FIFTH AMENDMENT TO EMPLOYMENT AND
NON-COMPETITION AGREEMENT
This Fifth Amendment is made this 16th day of July 2003, by and between
XXXXXX X. XXXXXX, XX. ("Xxxxxx"), and USA TECHNOLOGIES, INC., a Pennsylvania
corporation ("USA").
Background
USA and Xxxxxx entered into an Employment And Non-Competition Agreement
dated November 20, 1997, a First Amendment thereto dated June 17, 1999, a Second
Amendment thereto dated February 22, 2000, a Third Amendment thereto dated
January 16, 2002, and a Fourth Amendment thereto dated April 15, 2002
(collectively, the "Agreement"). As more fully set forth herein, the parties
desire to amend the Agreement in certain respects.
Agreement
NOW, THEREFORE, in consideration of the covenants set forth herein, and
intending to be legally bound hereby, the parties agree as follows:
1. Amendments.
A. Subparagraph (a) of Section 1. Employment of the Agreement is hereby
deleted and the following new subparagraph (a) is hereby substituted in its
place:
(a) USA shall employ Xxxxxx as Chairman and Chief Executive
Officer commencing on the date hereof and continuing through
June 30, 2005 (the "Employment Period") and Xxxxxx hereby
accepts such employment. Unless terminated by either party
hereto upon at least 60-days notice prior to end of the
original Employment Period ending June 30, 2005, or prior to
the end of any one year extension of the Employment Period,
the Employment Period shall not be terminated and shall
automatically continue in full force and effect for
consecutive one year periods.
B. Subparagraph (d) of Section 2. Compensation and Benefits of the
Agreement is hereby deleted and the following new subparagraph (d) is hereby
substituted in its place:
(d) As a further incentive to Xxxxxx, USA believes it is in the best
interest of USA to issue to Xxxxxx shares of Common Stock of USA
("Common Stock") in the event there is a USA Transaction (as defined
below), all as more fully described in Section 4 hereof.
C. The following new subparagraph (e) is hereby added to Section 2.

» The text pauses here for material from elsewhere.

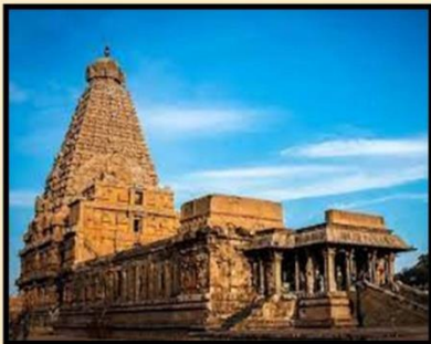
Brihadeeswarar Temple (124 km)

Compensation and Benefits of the Agreement:
(e) On the date of the execution and delivery of the Fifth Amendment,
USA shall issue to Xxxxxx 10,500,000 shares of fully vested Common
Stock. Xxxxxx acknowledges that the Common Stock has not been and will
not be registered under the Act or under any state securities law, and
the Common Stock can not be sold or transferred unless such Common
Stock has been registered under the Act or such state securities laws,
or unless USA has received an opinion of its counsel that such
registration is not required. Xxxxxx acknowledges that the issuance of
the shares to him represents taxable income to him and that he (and not
USA) shall be responsible for the payment of any and all income taxes
attributable to the issuance of the shares to him. In addition, the
certificates representing the Common Stock shall contain such legends,
or restrictive legends, or stop transfer instructions, as shall be
required by applicable Federal or state securities laws, or as shall be
reasonably required by the Company or its transfer agent. In connection
with the issuance of the shares of Common Stock to him, Xxxxxx has
executed and delivered to USA a Lock-up Agreement.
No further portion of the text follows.